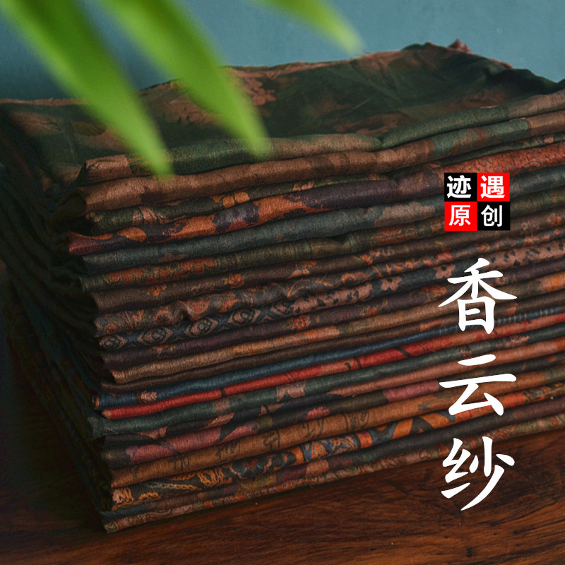 夏季棉麻布料薄高档提花面料复古旗袍布料亚麻布料连衣裙服装面料
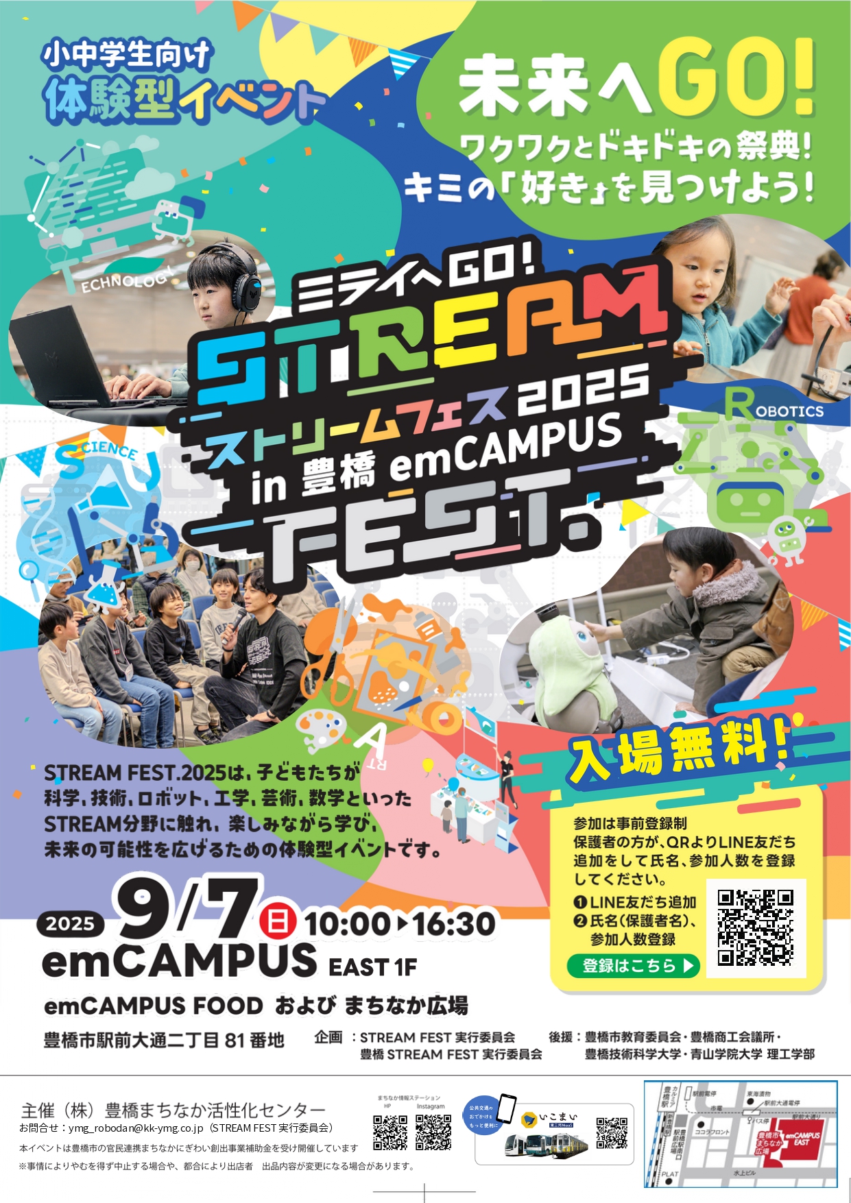 子どもたちが科学・技術・ロボット・工学・芸術・数学といったSTREAM分野に触れ、楽しみながら学び、未来の可能性を広げるための小中学生向け体験型イベントを開催します。STREAM FEST.とさまざまな企業がコラボし、ブースを出店します。たくさんのご家族のご来場をお待ちしております。
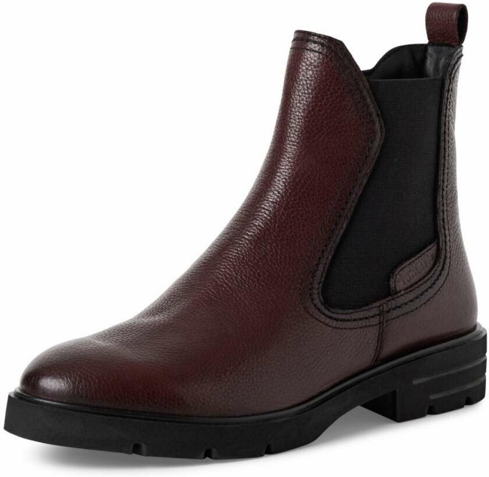 Kotníčková obuv TAMARIS v kombinaci dezénové hladké kůže a textilního materiálu ve vínové barvě. Zapínání obuvi je na zip na vnitřní straně. Na vnější straně je všita široká pružná vsadka usnadňující prozutí obuvi a pohodlné nošení. Uvnitř je zateplená příjemná fleecová podšívka a pohodlná vyměkčená stélka s paměťovou pěnou "Touch it" pro pohodlné nošení.
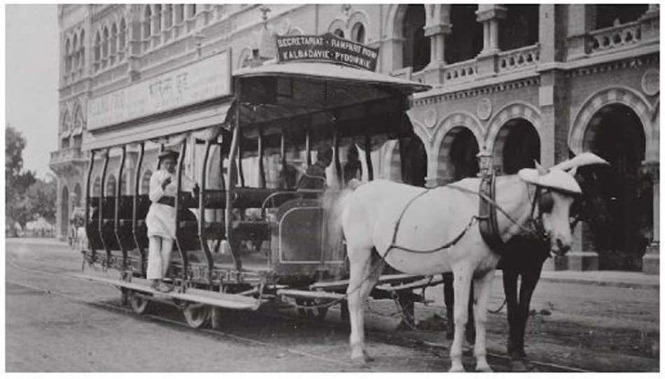 मुंबई में पहले हॉर्स ट्राम में एक ही ट्रैक था जो बोरी बंदर (अब मुंबई सीएसटी के रूप में जाना जाता है) से कोलाबा और क्रॉफर्ड मार्केट के माध्यम से पायधोन तक चलता था। ट्राम इंग्लैंड में बनाए गए थे और मुंबई भेजे गए थे, जहां उन्हें जोड़कर तैयार किया गया था।
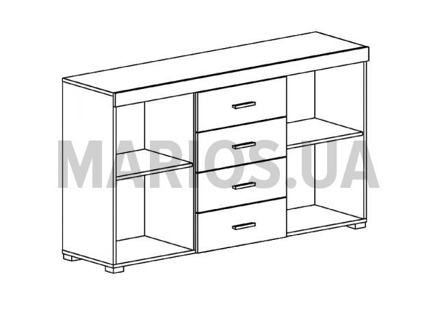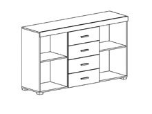 150.00см x 40.00см x 85.00см Характеристики мебели Материал ДСП Буфет Teano E. Наполнение: выдвижные ящики, шкафчики с полочками. Материал: ламинированная плита 16 мм. Кромка: 0,45 мм и 2 мм. Цвет: дуб каньон/ильм бергамо.
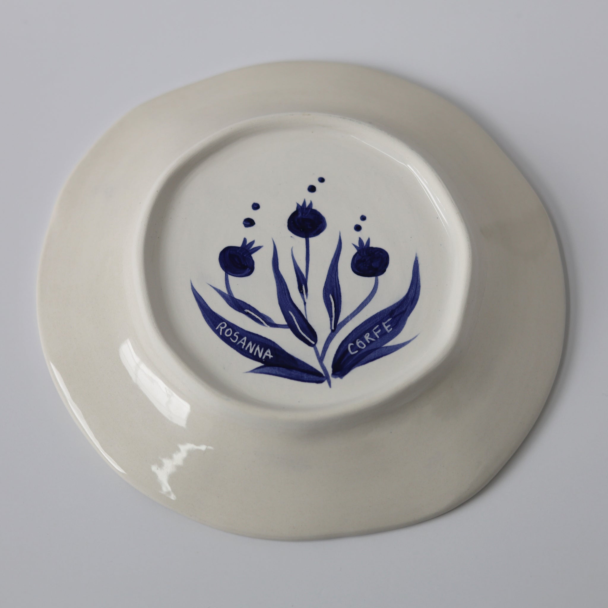 This hand-painted ceramic plate features Rosanna Corfe’s signature pomegranate motif in a rich, deep blue, painted with fluid brushstrokes and scattered botanical details across a warm, natural earthenware base.
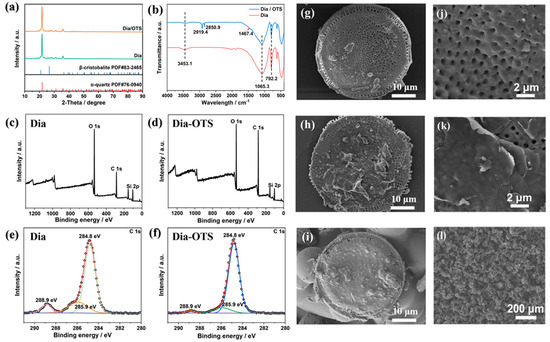 3.1.2. Physical Phase Analysis of Dia and Dia/OTS Powders
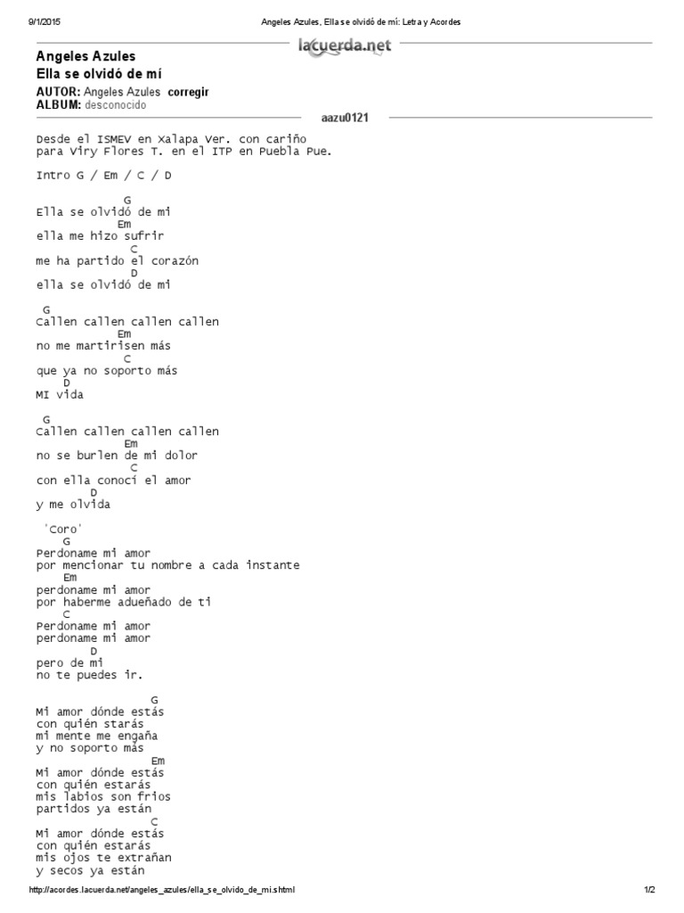 Angeles Acordes : Letra y acordes de angeles fuimos.
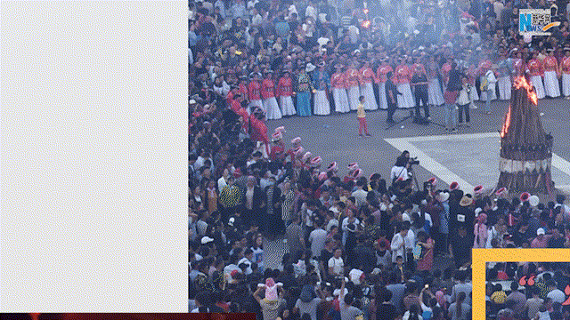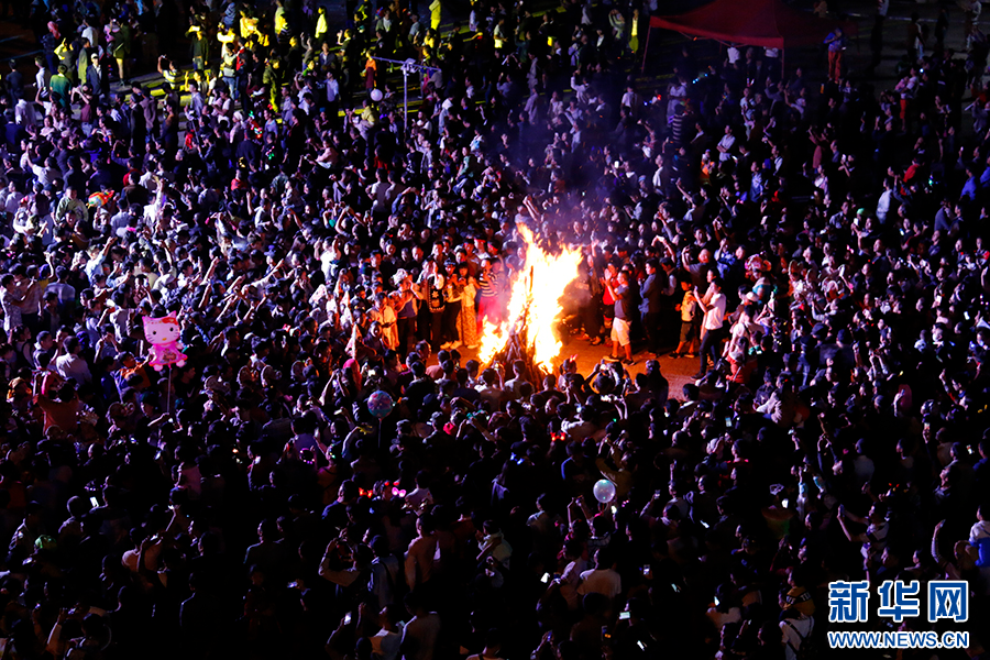 人們圍繞著廣場中心的巨型火把,載歌載舞(資料圖)。新華網發(楊躍 攝)
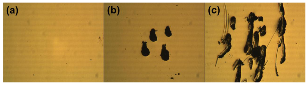 We investigated the optical microscope images of the gold electrodes on a COC plate after probing by conventional methods. The optical microscope images in Figure 1 show how the gold electrodes were damaged or deformed by probing. The flat gold electrode before probing (Figure 1a) was deformed by scratches while probing with conventional probing methods such as a needle-like probe and alligator clip (Figure 1b,c). The mechanically controlled contact of needle-like probes left short scratches, from sliding on the surface of the gold electrode. Manual clipping of the alligator clip left more intense scratches on the gold electrode as the manipulation was subject to shaking and movement. Because scratches are the typical results of mechanical abrasion on metal layers by shear forces, it is deduced that a probing method with a minimal shear force will reduce the mechanical deformation of the gold electrode.
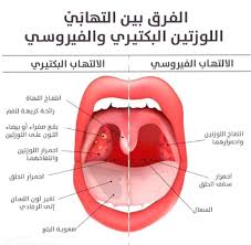 - بقع حمراء أو بقع بيضاء على اللوزتين

########################################

• What is being asked:
Copy every entry exactly; drop the pictures.

• Output of the task:
 夏季棉麻布料薄高档提花面料复古旗袍布料亚麻布料连衣裙服装面料
 子どもたちが科学・技術・ロボット・工学・芸術・数学といったSTREAM分野に触れ、楽しみながら学び、未来の可能性を広げるための小中学生向け体験型イベントを開催します。STREAM FEST.とさまざまな企業がコラボし、ブースを出店します。たくさんのご家族のご来場をお待ちしております。
 Kotníčková obuv TAMARIS v kombinaci dezénové hladké kůže a textilního materiálu ve vínové barvě. Zapínání obuvi je na zip na vnitřní straně. Na vnější straně je všita široká pružná vsadka usnadňující prozutí obuvi a pohodlné nošení. Uvnitř je zateplená příjemná fleecová podšívka a pohodlná vyměkčená stélka s paměťovou pěnou "Touch it" pro pohodlné nošení.
 मुंबई में पहले हॉर्स ट्राम में एक ही ट्रैक था जो बोरी बंदर (अब मुंबई सीएसटी के रूप में जाना जाता है) से कोलाबा और क्रॉफर्ड मार्केट के माध्यम से पायधोन तक चलता था। ट्राम इंग्लैंड में बनाए गए थे और मुंबई भेजे गए थे, जहां उन्हें जोड़कर तैयार किया गया था।
 150.00см x 40.00см x 85.00см Характеристики мебели Материал ДСП Буфет Teano E. Наполнение: выдвижные ящики, шкафчики с полочками. Материал: ламинированная плита 16 мм. Кромка: 0,45 мм и 2 мм. Цвет: дуб каньон/ильм бергамо.
 This hand-painted ceramic plate features Rosanna Corfe’s signature pomegranate motif in a rich, deep blue, painted with fluid brushstrokes and scattered botanical details across a warm, natural earthenware base.
 3.1.2. Physical Phase Analysis of Dia and Dia/OTS Powders
 Angeles Acordes : Letra y acordes de angeles fuimos.
 人們圍繞著廣場中心的巨型火把,載歌載舞(資料圖)。新華網發(楊躍 攝)
 We investigated the optical microscope images of the gold electrodes on a COC plate after probing by conventional methods. The optical microscope images in Figure 1 show how the gold electrodes were damaged or deformed by probing. The flat gold electrode before probing (Figure 1a) was deformed by scratches while probing with conventional probing methods such as a needle-like probe and alligator clip (Figure 1b,c). The mechanically controlled contact of needle-like probes left short scratches, from sliding on the surface of the gold electrode. Manual clipping of the alligator clip left more intense scratches on the gold electrode as the manipulation was subject to shaking and movement. Because scratches are the typical results of mechanical abrasion on metal layers by shear forces, it is deduced that a probing method with a minimal shear force will reduce the mechanical deformation of the gold electrode.
 - بقع حمراء أو بقع بيضاء على اللوزتين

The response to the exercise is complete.